Amid the recession and during Obama's first month in office in 2009, returns fell 9.4 percent, Stovall said. They rose 1.4 percent during Obama's first month in office in his second term, according to Stovall's study.

Tim Duy, an economist and professor at the University of Oregon, said the economy was poised for relative strength as the end of 2016 approached, regardless of Trump’s inauguration.

"Underlying growth remained solid, and it increasingly looked like some of the inventory overhang of the previous year was easing," Duy said. Manufacturing and services sector surveys were going up, and two factors that’d been weighing on stocks -- decline in oil prices and strength of the dollar -- waned over 2016, Duy added.

"The economy was not headed into a recession and, in the absence of a recession, stocks are more likely to go up than down," Duy said. "In other words, this was largely baked into the cake regardless of who won the election. Trump was handed a solid economy at the macro level."

It’s still reasonable to believe that hopes of tax cuts have boosted stocks to some degree, but it wasn’t the dominant factor, Duy said.

Economic news has been nuanced in recent weeks.
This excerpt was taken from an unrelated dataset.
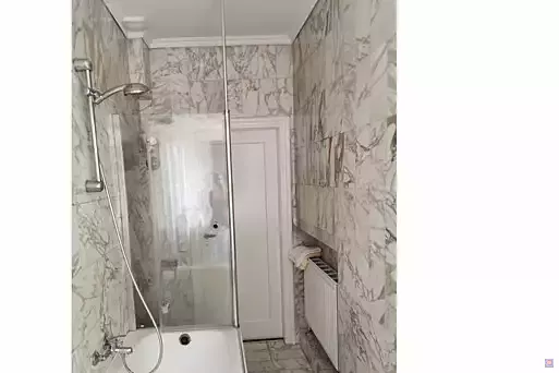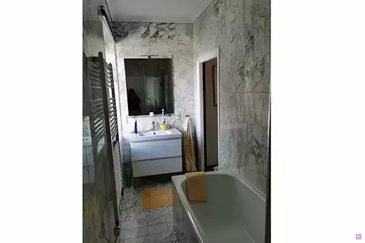 Das Bad im OG wie auch das Gäste WC sind mit Marmor ausgestattet. 2 neue Bäder und der Raum mit dem Fußballkicker liegen im Untergeschoss.

Data from the Bureau of Labor Statistics show 227,000 jobs were added in January 2017. The unemployment rate in January was 4.8 percent, slightly higher than the previous month but based on 584,000 more people looking for jobs after accounting for annual adjustments to population controls, according to Feb. 3 BLS figures.

"Consumer confidence decreased in January, after reaching a 15-year high in December," said in a Jan. 31 statement Lynn Franco, director of Economic Indicators at The Conference Board, which presents the Consumer Confidence Index based on a monthly survey.
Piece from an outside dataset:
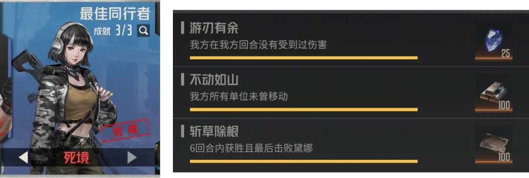第一关“行至米赫玛”,其死境难度其实想要一次性完成3个成就也不算很困难,咱们需要注意的就是不要打桩子给打到1点血即可,此外3回合获胜的关键就是需要上移动力和范围输出较强的角色了。

"The decline in confidence was driven solely by a less optimistic outlook for business conditions, jobs, and especially consumers’ income prospects. Consumers’ assessment of current conditions, on the other hand, improved in January," Franco said. "Despite the retreat in confidence, consumers remain confident that the economy will continue to expand in the coming months."
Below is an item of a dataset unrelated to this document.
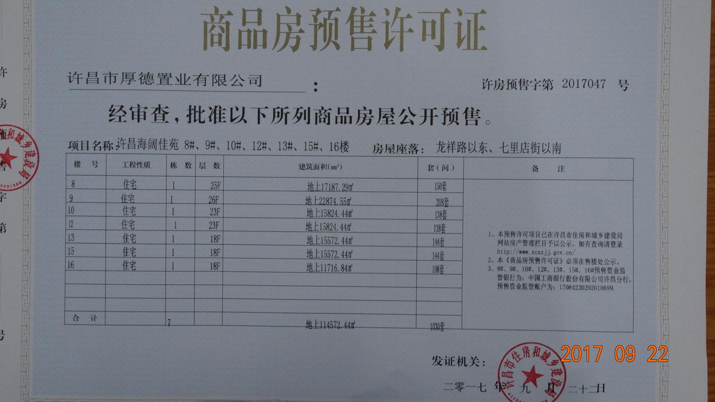 许房预售字第2017047号(许昌市厚德置业有限公司)

Trump certainly isn’t the first to boast about the stock market’s performance.

In 2015, Hillary Clinton claimed the stock market does better when there’s a Democratic president. While several calculations backed her statement, we rated her claim Mostly True because experts said several other factors are key in determining performance, including timing, policies and international economic trends.

Our ruling

Trump said, "The stock market has hit record numbers, as you know. And there has been a tremendous surge of optimism in the business world."

The three major stock indexes, Dow, S&P 500 and Nasdaq all closed at record highs for five consecutive days. While investors are optimistic about Trump’s plans to cut taxes and eliminate regulations, experts say other factors play influential roles in the stock market. After rising in December, consumer confidence dropped in January, though consumers are confident the economy will expand in coming months.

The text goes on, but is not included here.